CIS is a program designed to help at-risk students, and the organization has 250 programs nationwide and 26 in Texas. It has been active in the Abilene schools for 15 years, but just started at Wylie in August.
Wylie Superintendent Joey Light said the district decided to add the program to help at-risk students.
“As we continue to get bigger, we continue to see a growth in the number of kids who are having attendance problems or behavior issues that we are just not used to dealing with,” he said. “That’s the sweet spot for Communities in Schools.”
CIS, a nonprofit organization, assigns a coordinator to work specifically with at-risk students at a campus. The coordinator tries to get involved with the students and help them in whatever way possible.
At Wylie, Phillips works with 60-70 students at Wylie Middle School, Junior High and High School. Her office is in the library at the High School.
“She works with students who are having attendance issues or behavior issues or troubles at home or anything that might make them not enjoy school,” said Justin Whiteley, CIS Program Coordinator. “Relationships are a key component to our program. She is just that extra person to be on campus and help that student be successful in their educational career.”
Students are identified for the program based on 13 criteria that the Texas Education Agency uses to identify at-risk students. But Whiteley said these aren’t always major behavior issues. They can also be something as small as low self-esteem.
Phillips said she sees many students with attendance, academic and behavior issues, but also has a few that have social issues. She helped one girl qualify to get braces and helped some economically disadvantaged students get food at Thanksgiving.
And although it took the program some time to get off the ground, students are starting to see the value, she said.

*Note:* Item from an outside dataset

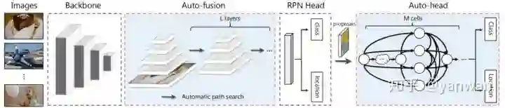 如下图示,AutoFPN的创新点在Neck和Head网络中,Neck是针对backbone的特征先做Auto-fusion操作,而Auto-head使用NAS技术搜索得到一个网络用于分类和回归。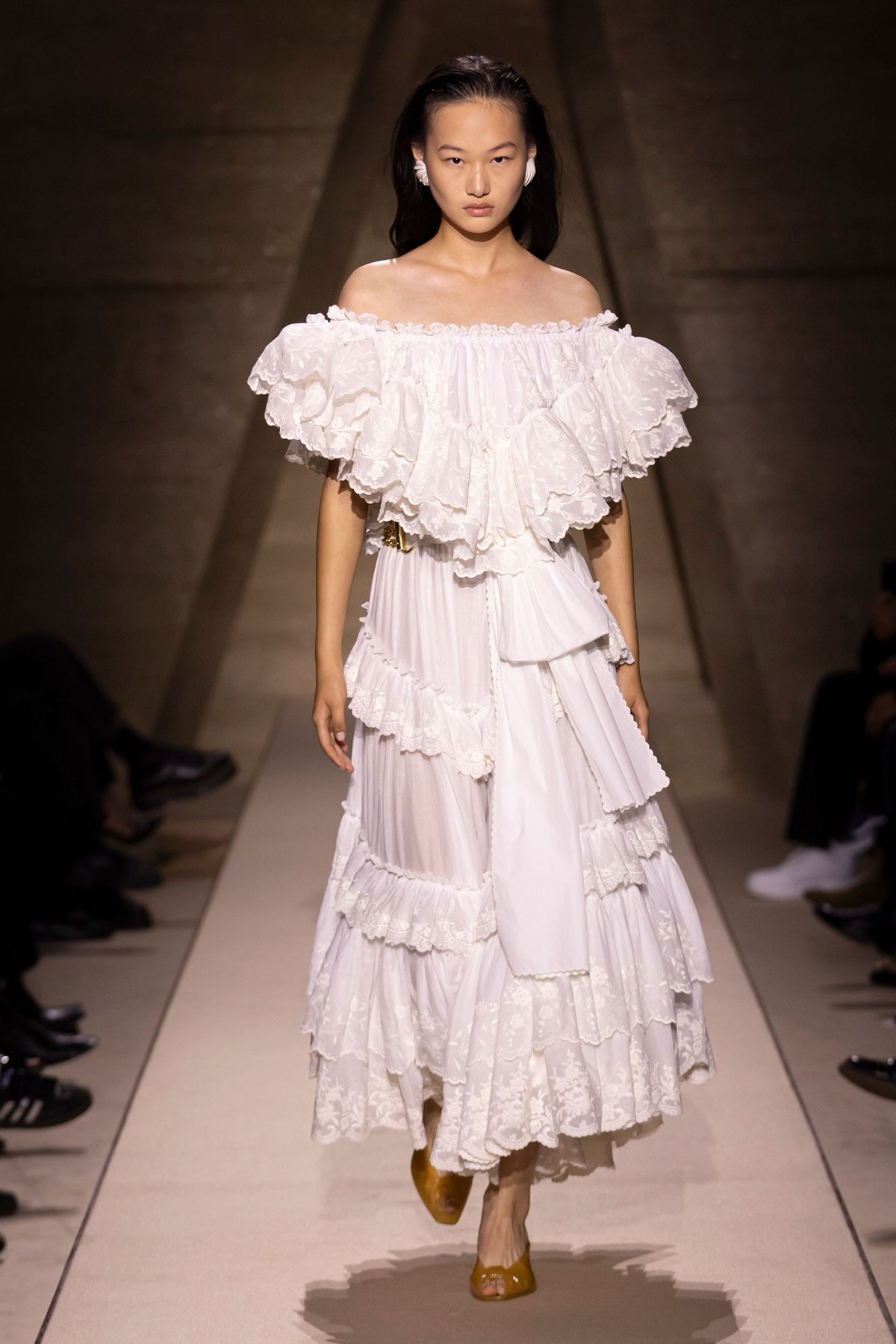 Lavish ruffles will once again rule trends in the coming spring, readily taking us back to romance and dreamy dresses that bounce as you walk. Giambattista Valli offered his version in a soft pink shade made from a transparent material, Chloé sent a boho off-the-shoulder model down the runway, while McQueen presented an interesting asymmetrical model in white.

“Now I have students coming to see me all the time,” she said. “I used to have to go find them. That’s been a really good change. It’s been great.”
Phillips is building relationships with her students and making sure that they know that she is checking on them daily. She also offers rewards to motivate them.
Whiteley said that one-on-one interaction is what makes the program successful.
“The most important thing we do is build relationships with the students,” he said. “The biggest change we see is just wanting to be at school. You see a turn in their behavior and a turn in their attitude. So many kids are having negative experiences. They go from negatives to positives. Now they are a student that you can help be successful.”
The district pays part of Phillips salary, but because state funding pays some of it and CIS also brings in community resources, the cost is minimal.
“It should pay for itself in increased attendance,” he said.